Differences in transcript abundance associated with serological status suggest that the identification of transcripts associated with disease severity may be confounded by differences in the relative proportion of subjects with a previous history of DENV infection. Most previous studies of gene expression in dengue patients have been carried out in study populations in which all or nearly all patients had secondary DENV infections [8], [11], [12], [14], [15], [16]. Yet, the IgM and IgG serologic findings in a population of Brazilian dengue patients studied with DNA microarrays by Nascimento et al [36] suggest the presence of a mix of primary and secondary DENV infections. Twenty-four of the 40 genes whose transcript abundance in that study best differentiated DF and DHF were present in our filtered dataset and 6 were among the genes most strongly associated with the principal component that distinguished between primary and secondary DF (p<0.001, hypergeometric). These genes included the immunoglobulin lambda locus (IGL), MAGED1, TPD52, UBE2G1 and UBE2J1 – all of which we found more highly expressed in secondary DF than primary DF. In the Brazilian study, these same genes were more highly expressed in DF patients than in those with DHF; DF patients were more likely than DHF patients to be IgG-positive, suggesting that differences in seropositivity at the time of admission rather than disease severity may have been responsible for many of the observed differences in transcript abundance.

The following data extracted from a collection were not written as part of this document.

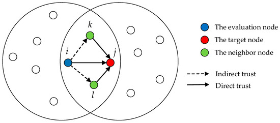 The evaluation process begins by screening the recommended trust values of common neighboring nodes, followed by weight allocation according to the deviation of these nodes’ recommended trust values. Ultimately, the indirect trust value can be obtained using the following calculation formula:
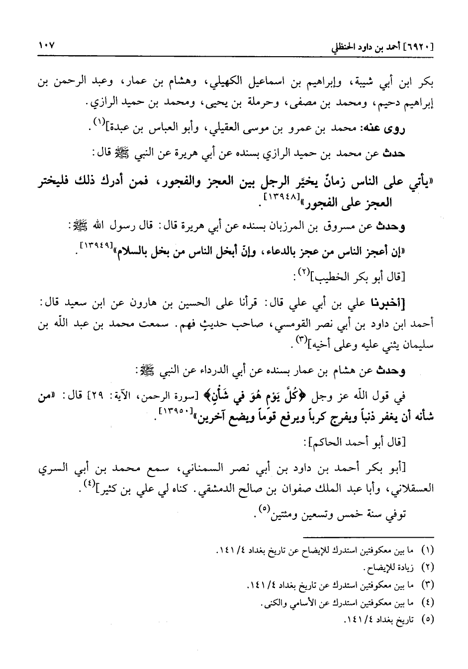 [أبو بكر أحمد بن داود بن أبي نصر السمناني، سمع محمد بن أبي السري العسقلاني، وأبا عبد الملك صفوان بن صالح الدمشقي. كناه لي علي بن كثير] «4» .
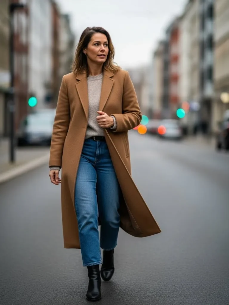 Here we see classic blue jeans styled with a neutral knit sweater and a long camel coat. Black ankle boots give the outfit a slightly more polished feel. The color palette stays soft and timeless.
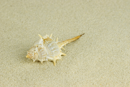White murex seashell on a beach sand
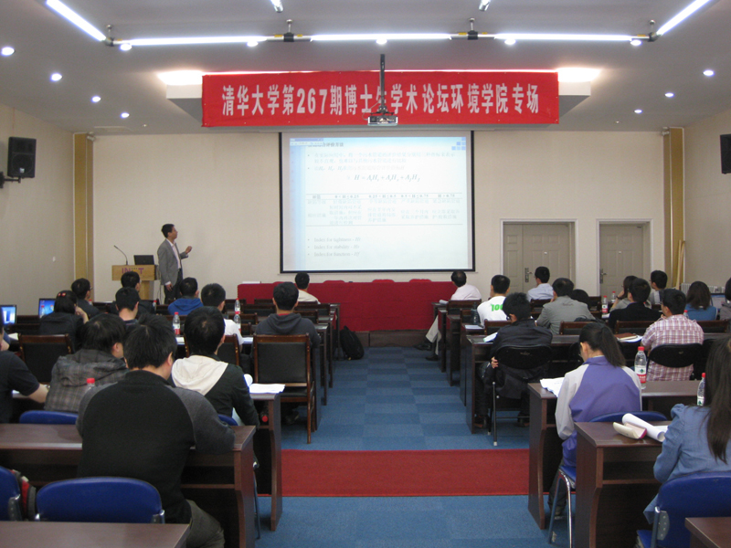 清华大学博士生学术论坛第267期——环境学院专场于2011年5月13日-15日在昌平虎峪风景区清华核研院招待所成功举办。本次论坛的主题是“绿色科技•绿色发展•绿色未来”,组委会邀请到环境学院副院长左剑恶、党委副书记刘建国、研究生工作组组长孙傅、教授杨云峰以及三名博士后老师,60余名博士研究生参加了本次论坛。
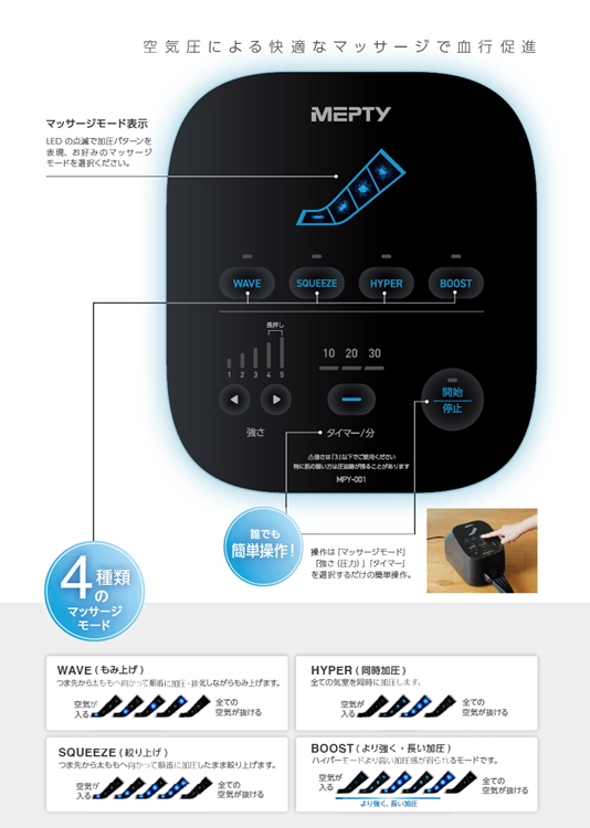 マッサージモード:4種類(ウェーブ・スクイーズ・ハイパー・ブースト)
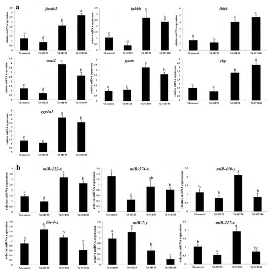 qRT-PCR verifications (n = 3): (a) testicular RNA, (b) testicular miRNA expression. The gene names and potential functions are as follows: soat2 (sterol O-acyltransferase 2-like isoform X1, steroid biosynthesis and lipid metabolism), inhbb (inhibin beta B chain-like, cytokine–cytokine receptor interaction), ihhb (indian hedgehog B protein-like isoform X1, hedgehog signaling pathway), gatm (glycine amidinotransferase, arginine and proline metabolism), faxdc2 (fatty acid hydroxylase domain-containing protein 2, biosynthesis of antibiotics), ebp (3βhydroxysteroid-Δ8,7-isomerase, biosynthesis of secondary metabolites) and cyp1a1 (cytochrome P450 1a, retinol metabolism). The miRNA names were as follows: miR-122-x, miR-574-x, miR-430-y, miR-217-x, lin-4-x, and miR-7-y. Statistically significant differences are indicated by different letters (p < 0.05).

Despite the differences in transcript abundance profiles associated with serostatus, there were shared features in all four patient groups (Fig. 4). In order to determine whether these shared features were also found in the responses of humans to other acute viral infections, we first calculated the median expression levels across all samples collected between fever days 3 and 7 of genes with differential expression compared to healthy controls, and then searched for similarities between this set of transcript abundances and published blood-based expression patterns from relevant studies with healthy control subjects [7], [10], [15], [36], [40], [41], [42], [43], [44], [45], [46]. We found that the three most similar, previously-published expression patterns were from studies of DENV infection [15], [36], [44] (Fig. S5), even though these other studies were conducted in populations from different geographical regions using different types of samples from different time points in the course of illness, and different microarray platforms.

Gene transcripts induced by interferon were more abundant in all patients with acute DENV infection than in healthy controls (Fig. 4B, cluster 2 and Fig. 6A). This has been a consistent finding in studies that have compared PBMC or whole blood expression patterns in dengue patients with either healthy controls or convalescent timepoints from the same patients [8], [12], [15]. The strength of a corresponding association with disease severity has varied; it has been a prominent finding in some studies [8], [14], [16], [36] but not others [11], [12], [13]. These differences among previous studies in the reported prominence of an ISG signature associated with dengue clinical severity have been ascribed to differences in array platform and analytical approaches, as well as cell types used for analysis [11], [12]. Our identification of distinct temporal trends in interferon-stimulated gene expression in patients who developed DSS and in patients with less severe disease indicates that timing is also an important factor.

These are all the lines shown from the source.